Material for this exercise =
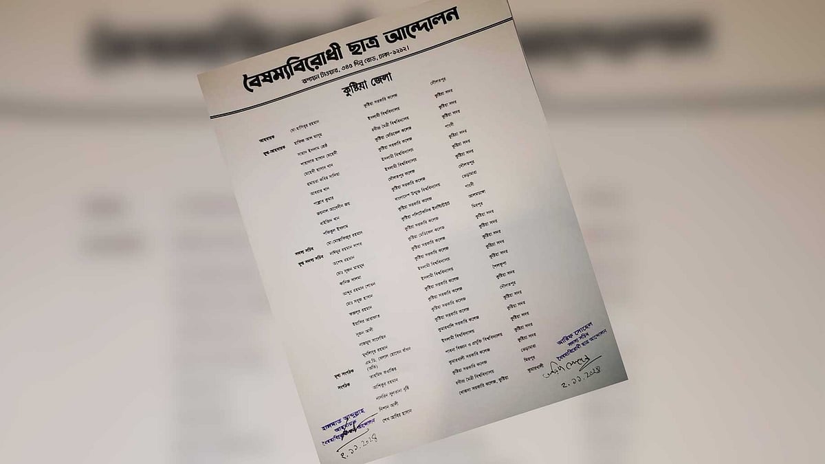 বৈষম্যবিরোধী ছাত্র আন্দোলন জেলা পর্যায়ে কমিটি গঠন শুরু করেছে। কুষ্টিয়া জেলায় ১১১ সদস্যের আহ্বায়ক কমিটি গঠনের মধ্য দিয়ে এই কার্যক্রম শুরু হলো। পর্যায়ক্রমে অন্য জেলাগুলোতেও কমিটি গঠন করবে বৈষম্যবিরোধী ছাত্র আন্দোলন।
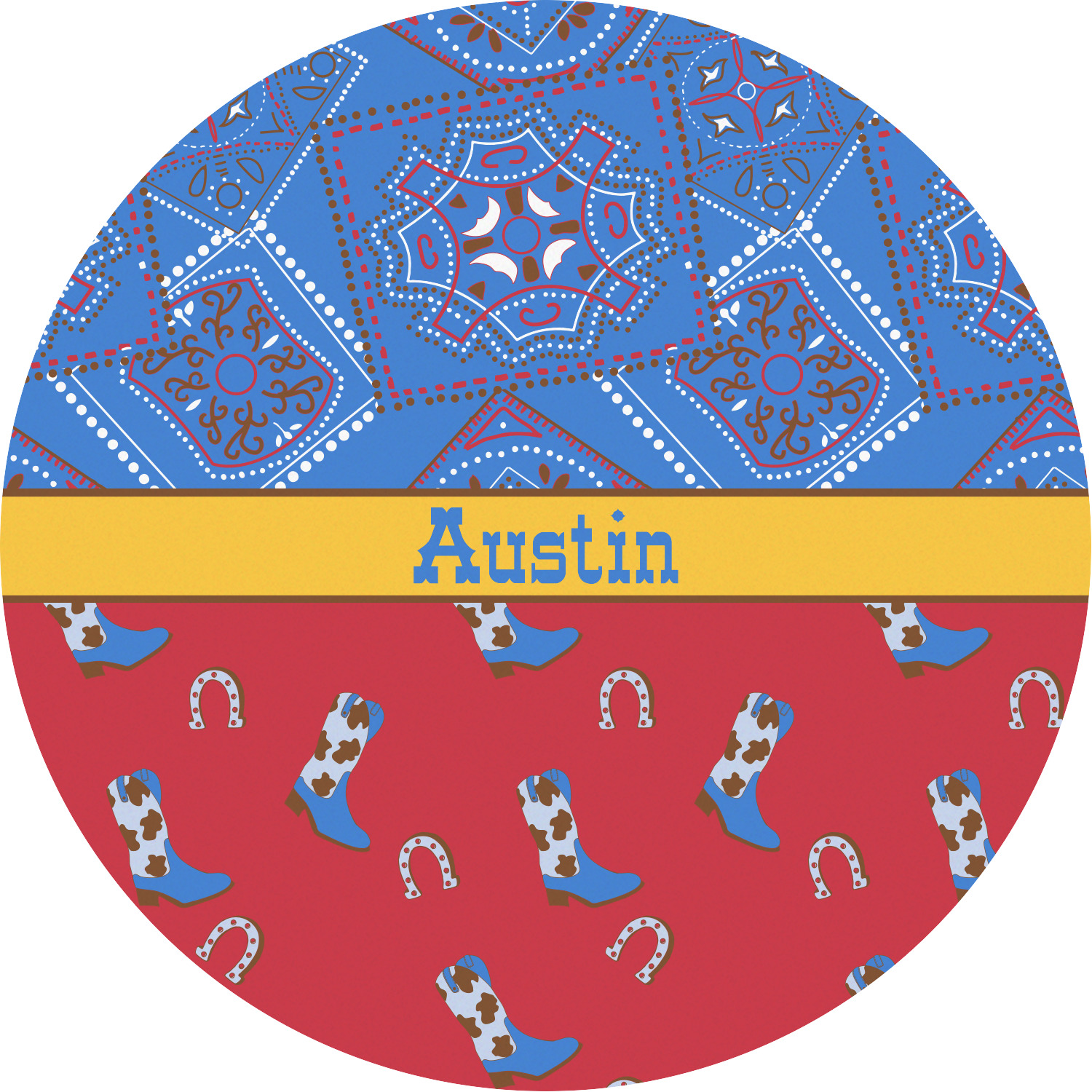 This design has a wild west theme and features a blue bandana print at the top half,and red with cowboy boots and horseshoes on the bottom. The coordinating design is blue, has a yellow ribbon and a sheriff's star in the middle, and cowboy hats and spurs in the background print.
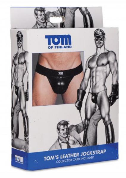 Wrap your package in gleaming black leather and look like a true Tom of Finland stud with this stretchy and hot leather jock strap! The elastic waistband bears the Tom of Finland logo, with gleaming leather making up the molded pouch, hugging your bulge and making your cock look just like a piece of art. Each of the two back straps run under your ass, leaving your hole open, exposed, and ready for action. Two sizes available, both stretchy and designed to fit a range of body sizes and shapes. Measurements fits waist size 34 inches to 38 inches. Materials Leather, elastic. Color Black.
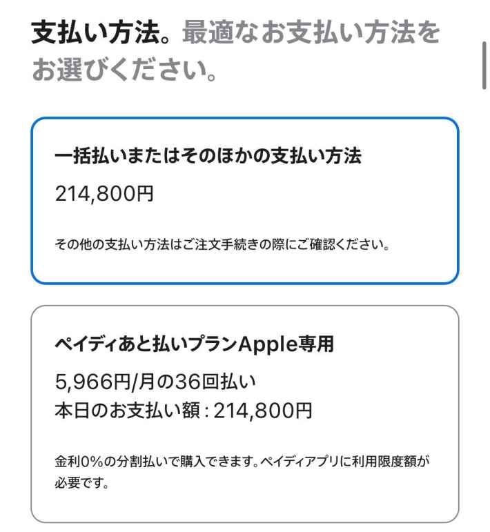 Appleでは画像の通り、大きく分けて2パターンのお支払い方法が存在します。36回払いをご利用の方は、必要に応じて「ペイディあと払いプランApple専用」をお選びください。
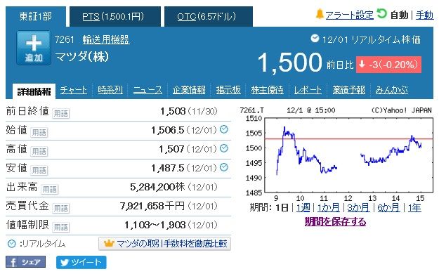 自動車株は冴えませんが、特に際立って下げているのがマツダ。
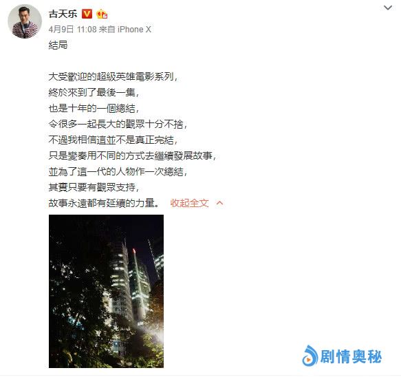 漫威超级英雄电影《复仇者联盟4:终局之战》将于4月24日在中国上映。日前著名“超英迷”古天乐在网络上发文感叹,不舍“复联”系列迎来大结局。
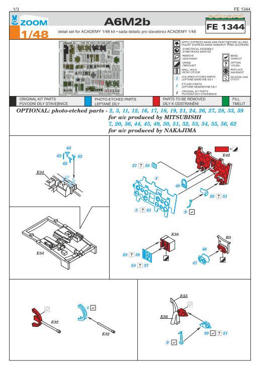エデュアルド ズーム1/48 FE1344 日本海軍 三菱 A6M2b 零式艦上戦闘機 21型 for Academy kits
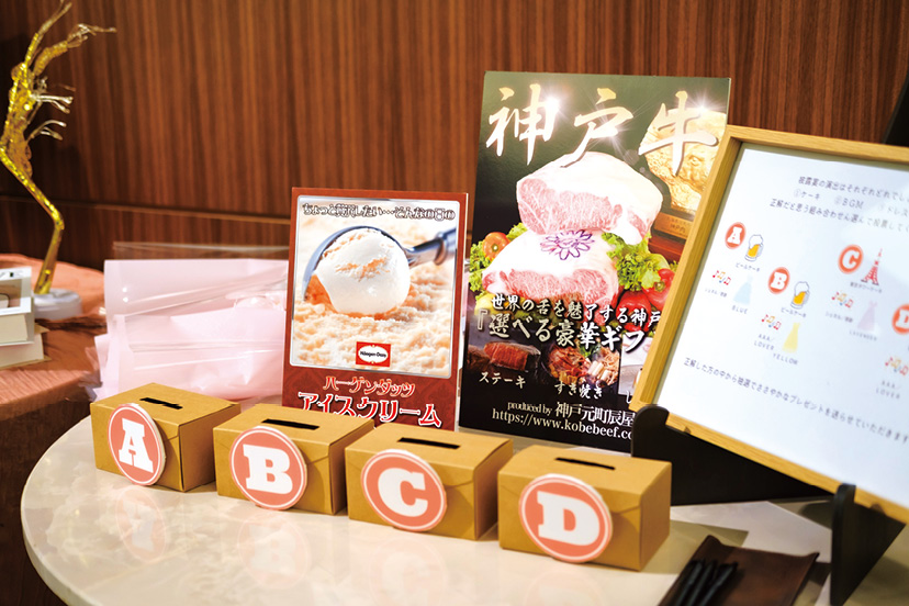 受付に用意したクイズに3問とも正解したゲストを発表。会場全体が一喜一憂し、正解者には松坂牛とハーゲンダッツをプレゼントした。
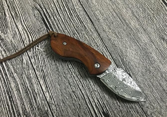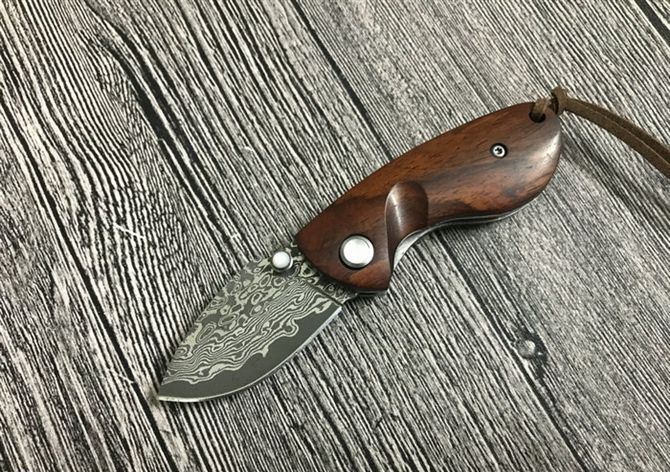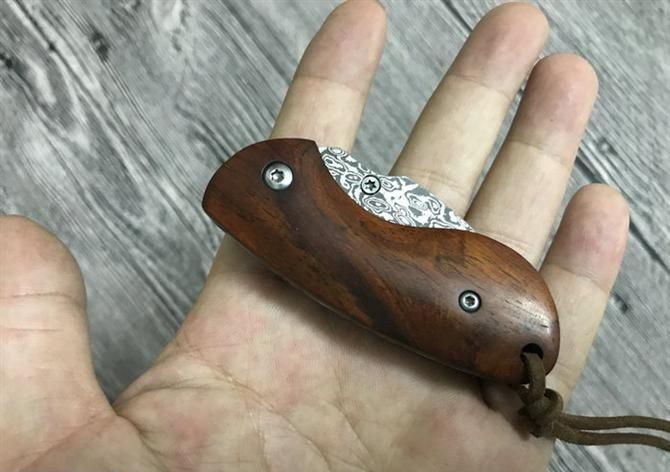 小红鱼大马革士折刀 全长:11.8cm 刃长:4.6cm 刃宽:2.5cm(最宽处) 柄长:7m 硬度:60HRC 刃厚:0.25cm 重量:约100克 表面:大马士革花纹清晰 刃材:大马士革钢材 柄材:科檀木 包装:礼品盒
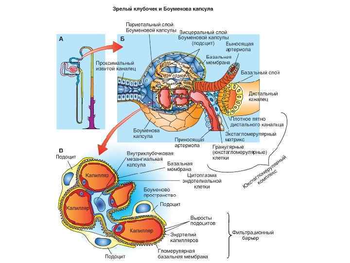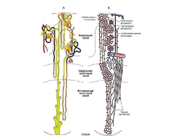 Нефрон • • • А — юкстамедуллярный нефрон; Б — суперфициальный нефрон. I — корковое вещество, II — наружная зона мозгового вещества. III — внутренняя зона мозгового вещества; 1 — клубочек, 2 —проксимальный извитой каналец 3 — проксимальный прямой каналец 4 — тонкий каналец (тонкая нисходящая ветвь петли Генле), 5 — тонкий каналец (тонкая восходящая ветвь петли Генле), 6 — дистальный каналец (толстая восходящая ветвь петли Генле), 7 — плотное пятно, 8 — дистальный извитой каналец, 9 — связующий каналец (в юкстамедуллярном нефроне образует аркаду), 10 — начальные отделы собирательной трубки, 11 — собирательные трубки наружного мозгового вещества, 12 — собирательные трубки внутреннего мозгового вещества.
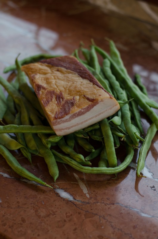 We finally ate them, cooked just like my mother used to cook them, like my grandmothers cooked them. Topped and tailed, with slivers of hickory-smoked bacon, the pink jewel-like against the green of the beans.
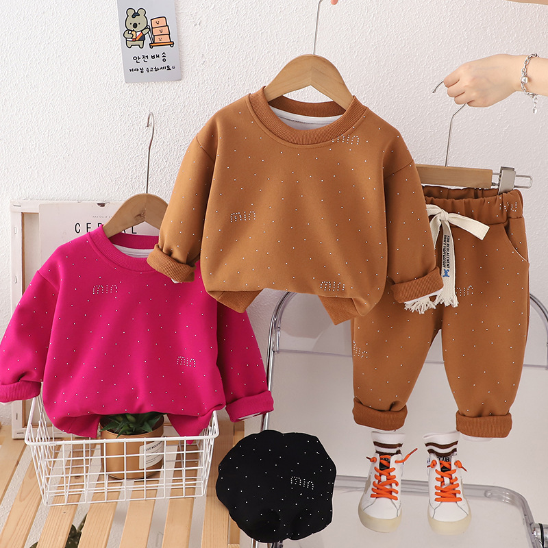 봄과 가을 새로운 MIU 다이아몬드가 박힌 스웨터 2 피스 세트 소년 소녀 아기 패션 세트 공장 직접 세대 어린이 의류 조수스토어 가기

Try it = In the copy, keep every line of the data above exactly and drop each picture.

Solution to this task =
 বৈষম্যবিরোধী ছাত্র আন্দোলন জেলা পর্যায়ে কমিটি গঠন শুরু করেছে। কুষ্টিয়া জেলায় ১১১ সদস্যের আহ্বায়ক কমিটি গঠনের মধ্য দিয়ে এই কার্যক্রম শুরু হলো। পর্যায়ক্রমে অন্য জেলাগুলোতেও কমিটি গঠন করবে বৈষম্যবিরোধী ছাত্র আন্দোলন।
 This design has a wild west theme and features a blue bandana print at the top half,and red with cowboy boots and horseshoes on the bottom. The coordinating design is blue, has a yellow ribbon and a sheriff's star in the middle, and cowboy hats and spurs in the background print.
 Wrap your package in gleaming black leather and look like a true Tom of Finland stud with this stretchy and hot leather jock strap! The elastic waistband bears the Tom of Finland logo, with gleaming leather making up the molded pouch, hugging your bulge and making your cock look just like a piece of art. Each of the two back straps run under your ass, leaving your hole open, exposed, and ready for action. Two sizes available, both stretchy and designed to fit a range of body sizes and shapes. Measurements fits waist size 34 inches to 38 inches. Materials Leather, elastic. Color Black.
 Appleでは画像の通り、大きく分けて2パターンのお支払い方法が存在します。36回払いをご利用の方は、必要に応じて「ペイディあと払いプランApple専用」をお選びください。
 自動車株は冴えませんが、特に際立って下げているのがマツダ。
 漫威超级英雄电影《复仇者联盟4:终局之战》将于4月24日在中国上映。日前著名“超英迷”古天乐在网络上发文感叹,不舍“复联”系列迎来大结局。
エデュアルド ズーム1/48 FE1344 日本海軍 三菱 A6M2b 零式艦上戦闘機 21型 for Academy kits
 受付に用意したクイズに3問とも正解したゲストを発表。会場全体が一喜一憂し、正解者には松坂牛とハーゲンダッツをプレゼントした。
 小红鱼大马革士折刀 全长:11.8cm 刃长:4.6cm 刃宽:2.5cm(最宽处) 柄长:7m 硬度:60HRC 刃厚:0.25cm 重量:约100克 表面:大马士革花纹清晰 刃材:大马士革钢材 柄材:科檀木 包装:礼品盒
 Нефрон • • • А — юкстамедуллярный нефрон; Б — суперфициальный нефрон. I — корковое вещество, II — наружная зона мозгового вещества. III — внутренняя зона мозгового вещества; 1 — клубочек, 2 —проксимальный извитой каналец 3 — проксимальный прямой каналец 4 — тонкий каналец (тонкая нисходящая ветвь петли Генле), 5 — тонкий каналец (тонкая восходящая ветвь петли Генле), 6 — дистальный каналец (толстая восходящая ветвь петли Генле), 7 — плотное пятно, 8 — дистальный извитой каналец, 9 — связующий каналец (в юкстамедуллярном нефроне образует аркаду), 10 — начальные отделы собирательной трубки, 11 — собирательные трубки наружного мозгового вещества, 12 — собирательные трубки внутреннего мозгового вещества.
 We finally ate them, cooked just like my mother used to cook them, like my grandmothers cooked them. Topped and tailed, with slivers of hickory-smoked bacon, the pink jewel-like against the green of the beans.
 봄과 가을 새로운 MIU 다이아몬드가 박힌 스웨터 2 피스 세트 소년 소녀 아기 패션 세트 공장 직접 세대 어린이 의류 조수스토어 가기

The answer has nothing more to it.